Find the optimal sliding door width
Perl, 190 180 154 133 128 117 bytes
includes +1 for -p
use POSIX;$m=1E4;for$q(80,100,120){($m,@z)=($p,$n,ceil$_/$n)if$m>($p=(150,200,220)[$x++]*($n=ceil$_/$q))}$_="@z $m"
Commented:
use POSIX; # for ceil()
$m = 1E4; # init min price to 10k
for $q (80,100,120) { # iterate widths
($m,@z) = ($p,$n, ceil $_/$n) # update min, output
if $m > ( #
$p = (150,200,220)[$x++] # grab price
* ( $n = ceil $_/$q ) # times nr of doors needed
)
}
$_="@z $m"
Save 11 bytes by inlining and splitting hash to two arrays
Save 5 bytes by using
-p(thanks to @dev-null)Save 18 bytes by using POSIX::ceil and 3 more by using list syntax for hash (thanks to @msh210)
JavaScript (ES6), 101 bytes
t=>[[80,150],[100,200],[120,220]].map(([w,p])=>[n=-~(~-t/w),-~(~-t/n),n*p]).sort((a,b)=>a[2]-b[2])[0]
-~(~-a/b) is the same as Math.ceil(a/b) in 31-bit integers.
PowerShell, 137 135 bytes
param($a)$j=9e9;60..120|%{if((($c=[math]::ceiling($a/$_))*($p=(220,(200,150)[$_-le80])[$_-le100]))-lt$j){$j=($k=$c)*$p;$i=$_}}
$k;$i;$j
Output is newline-separated.
We take input $a, set our cost $j to 9000000000 (a large number that's way more than we would ever need).

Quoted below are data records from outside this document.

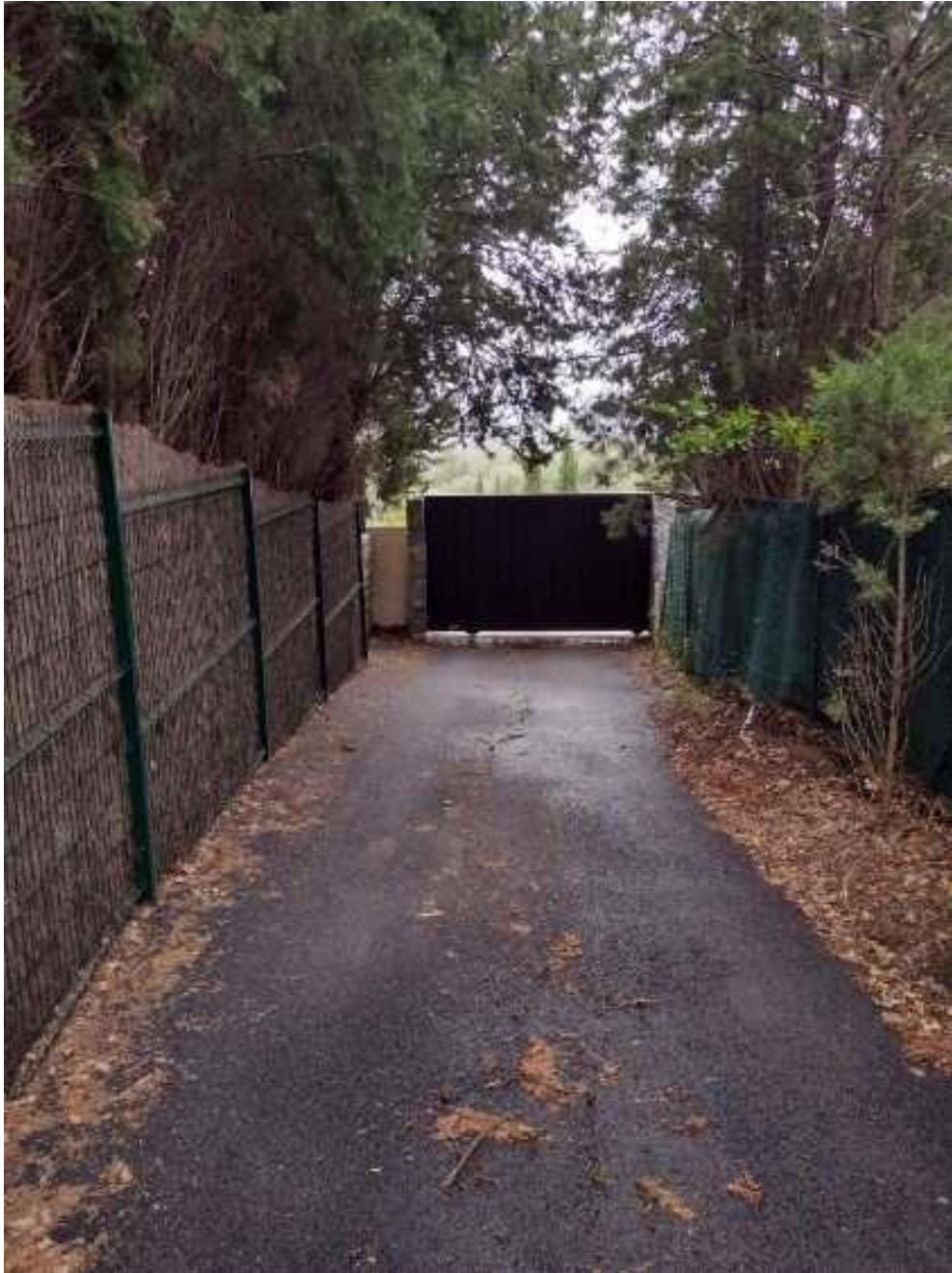
Portail matérialisant la limite entre la partie de chemin rural du Saut désaffectée et celle non désaffectée
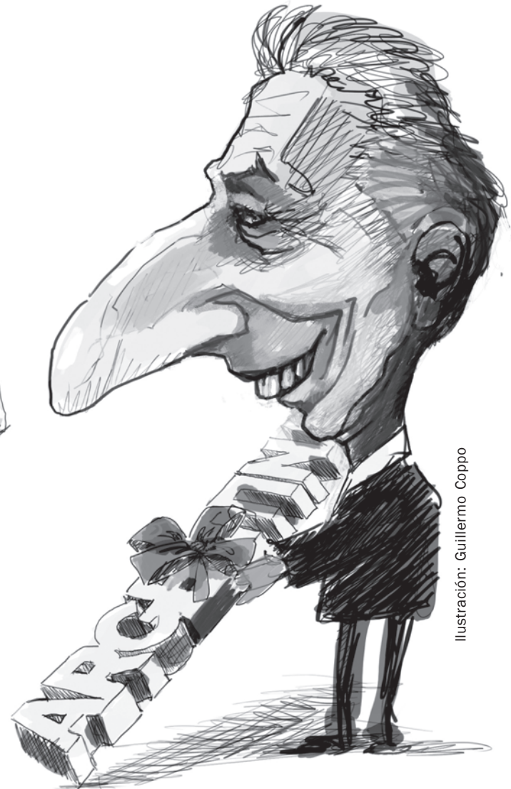
Ilustración: Guillermo Coppo

capital especulativo) se agotó por completo en 2 años. Fracásó porque no pudo cumplir con la meta esencial que era aplicar un ajuste
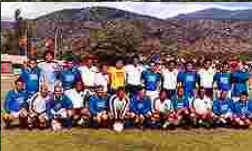
Alhué 2003. Inauguración cancha de fútbol Complejo Deportivo. Florida vs. Colo. Colo.
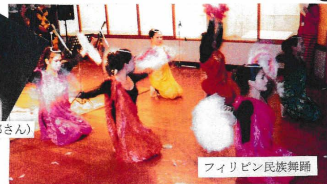
フィリピン民族舞踊
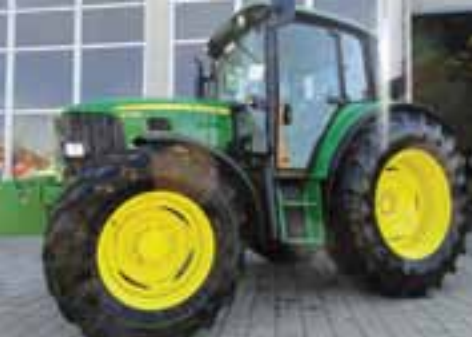
UNUSED – 2013 JOHN DEERE 6330 – OCAÑA
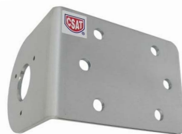
plech ( telo držiaka ) DAH90L

Next, we loop from 60..120 with |%{...}. Each iteration we calculate the $p price of the current item with a pseudo-ternary statement, then calculate the $c ceiling of $a/$_. If the current total is smaller than the smallest total we've seen ($j), save all these variables: $j (the total), $k (the number of doors required), and $i (the door width), and continue the loop. Once the loop is finished, just output the best values.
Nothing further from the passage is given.